====== Given data ======
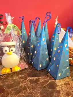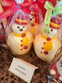 Picture a big, vibrant red bus decked out with Christmas ornaments, surrounded by delicious holiday treats for sale.
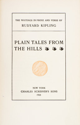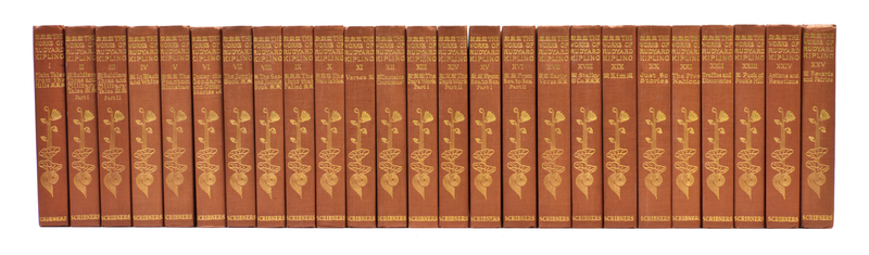 The Writings in Prose and Verse of Rudyard Kipling. New York: Charles Scribner's Sons, 1908-1910.25 vols. 8vo, red cloth with blind-stamped decorative medallion to upper covers, gilt-decorated and -lettered spines. "Outward Bound" edition. Spines uniformly faded; ends bumped; otherwise bindings clean and tight.
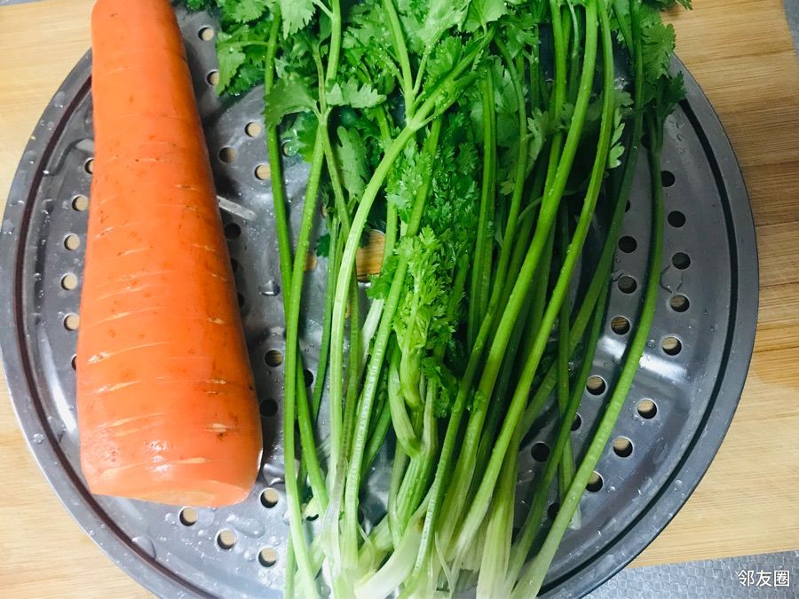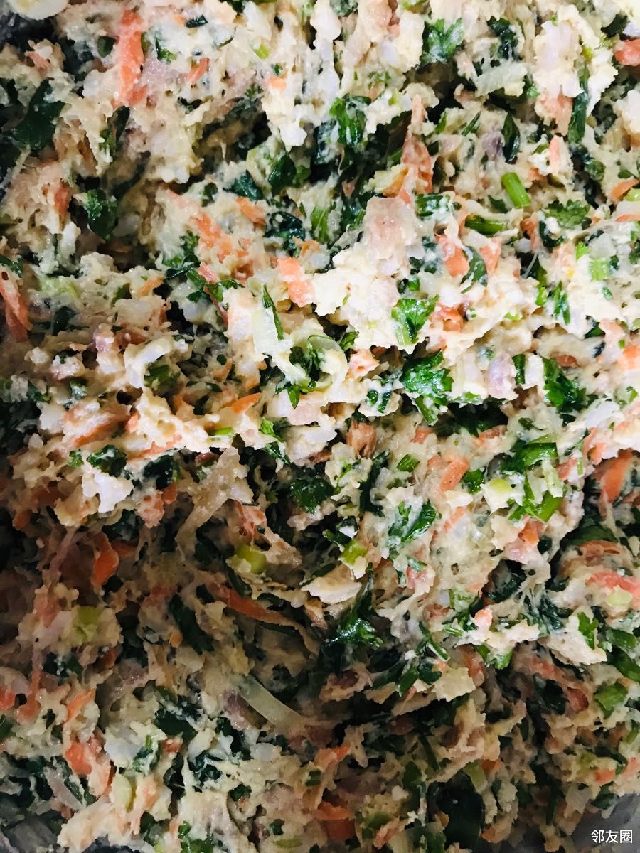 用料:胡萝卜,香菜,鸡蛋,葱姜,生抽,老咸菜,点点盐,十三香,豆腐,面粉,米饭少许,一起拌好!
======
= Instructions for the task =
Except for the pictures, copy the material above exactly.

= Solution for this task =
 Picture a big, vibrant red bus decked out with Christmas ornaments, surrounded by delicious holiday treats for sale.
 The Writings in Prose and Verse of Rudyard Kipling. New York: Charles Scribner's Sons, 1908-1910.25 vols. 8vo, red cloth with blind-stamped decorative medallion to upper covers, gilt-decorated and -lettered spines. "Outward Bound" edition. Spines uniformly faded; ends bumped; otherwise bindings clean and tight.
 用料:胡萝卜,香菜,鸡蛋,葱姜,生抽,老咸菜,点点盐,十三香,豆腐,面粉,米饭少许,一起拌好!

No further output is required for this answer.